Konsep/ Teori dan Tujuan Penelitian :
Diundangkannya UU No. 11 Tahun 2012 tentang sistem peradilan pidana anak merupakan upaya untuk menjamin kepentingan terbaik terhadap anak yang berhadapan dengan hukum. Selain undang- undang tersebut terdapat peraturan lainnya yang menjunjung tinggi dan memperhatikan hak hak dari anak, sebagai contoh diratifikasinya Konvensi Hak Anak.

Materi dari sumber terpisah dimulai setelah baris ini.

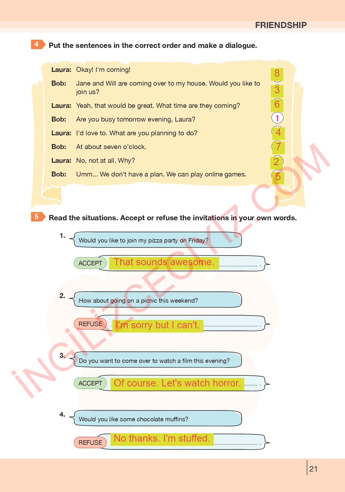 8. Sınıf Bilim ve Kültür Yayınları İngilizce Ders Kitabı Sayfa 21 Cevapları
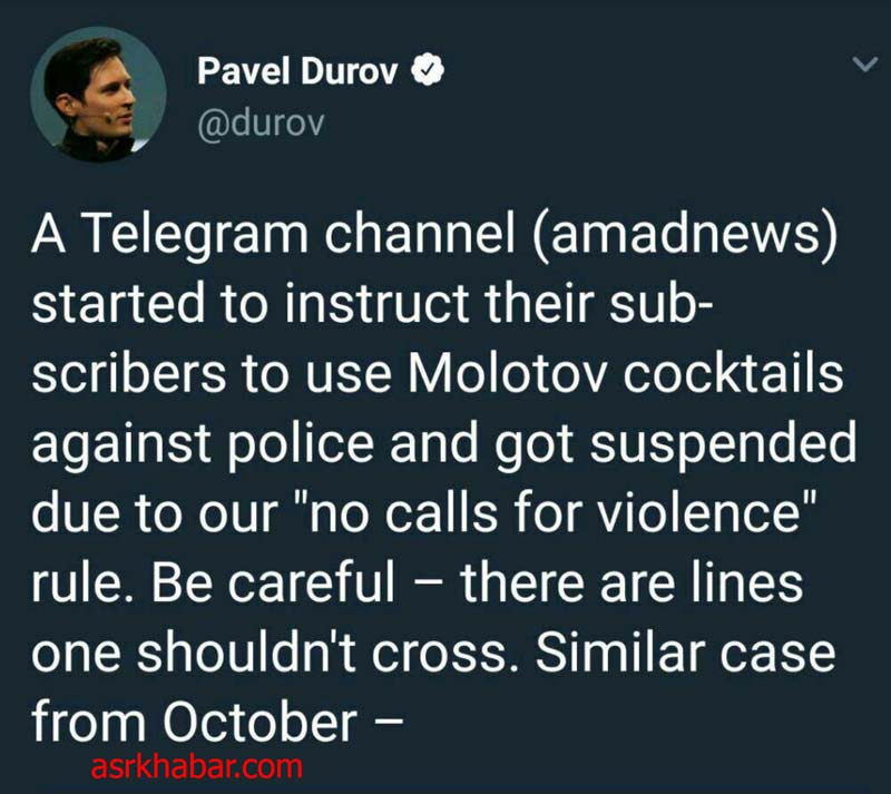 کانال تلگرامی آمدنیوز از دسترس خارج شد کانال تلگرامی آمدنیوز در پی اعتراض وزیر ارتباطات ایران به موسس تلگرام و تاکید بر تحریک این کانال به «نفرت پراکنی» و «تشویق به خشونت» از دسترس خارج شد. پاول دورف مدیر تلگرام: کانال تلگرامی "آمدنیوز" به دلیل تشویق کاربران به خشونت و آموزش ساخت بمب‌های دستی مسدود شد
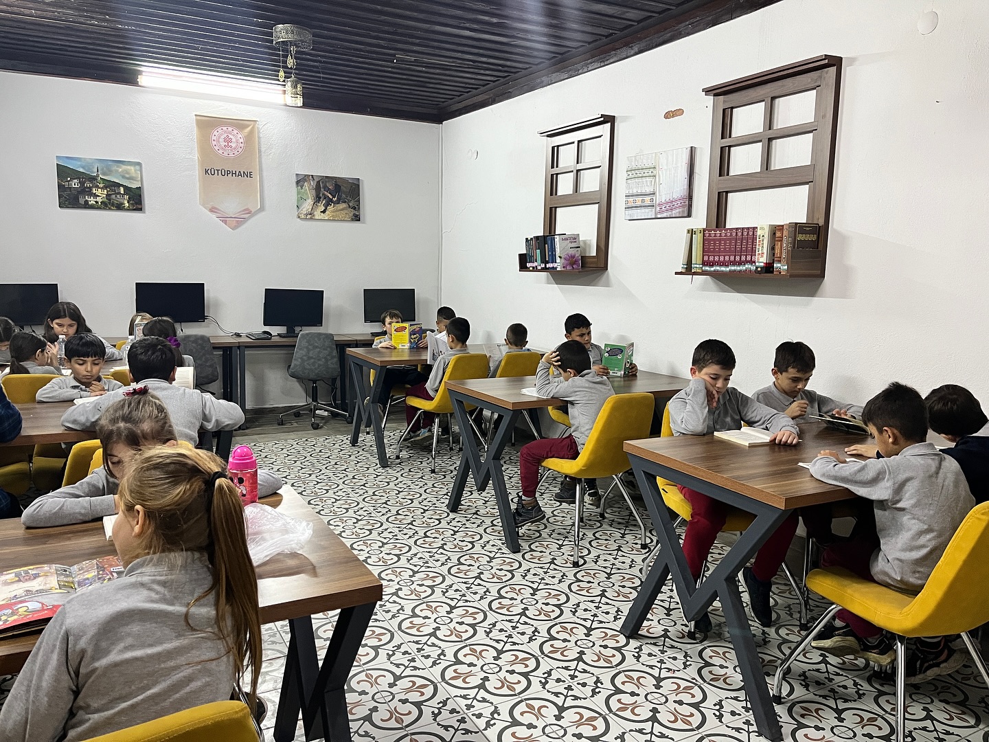 Kitap okuma etkinliğinde, öğrenciler çeşitli yaş ve ilgi gruplarına hitap eden kitaplardan seçerek, kütüphanede sessiz bir atmosferde kitaplarını okudular. Öğretmenler de öğrencilere rehberlik ederek, kitaplar hakkında sohbet etti ve okuma sevgisini daha da pekiştirecek önerilerde bulundu.

Diversi merupakan pengalihan penanganan kasus anak yang diduga melakukan tindak pidana dari proses formal dengan atau tanpa syarat. Tujuannya adalah untuk menghindari anak dari penahanan, menghindari cap atau label anak sebagai penjahat, mencegah pengulangan tindak pidana oleh anak, agar anak bertanggung jawab atas perbuatannya dan untuk melakukan intervensi yang diperlukan bagi korban.
Keadilan restoratif merupakan alternatif penyelesaian perkara pidana anak, atau dapat didefinisikan sebagai suatu proses dimana semua pihak yang berhubungan dengan tindak pidana anak duduk bersama sama untuk memecahkan masalah dan memikirkan akibat pada masa yang akan datang.
Tujuan penelitian ini adalah untuk mengetahui dan menganalisis pelaksanaan diversi dalam rangka mewujudkan restorative justice dalam sistem peradilan pidana anak dalam upaya memberikan perlindungan hukum bagi pelaku tindak pidana.
Metode Penelitian Hukum Normatif :
Objek Penelitiannya : Diversi Anak Berhadapan Dengan Hukum, Undang -- Undang Nomor 11 Tahun 2012 tentang sistem peradilan pidana anak
Pendekatan Penelitiannya : Penelitian hukum yuridis normatif
Jenis dan Sumber Data Penelitiannya :
Bahan atau sumber data penelitian ini adalah penelitian hukum doktrinal, hukum primer, sekunder dan tersier, hukum positif yang berkaitan dengan penerapan diversi dalam keadilan restoratif.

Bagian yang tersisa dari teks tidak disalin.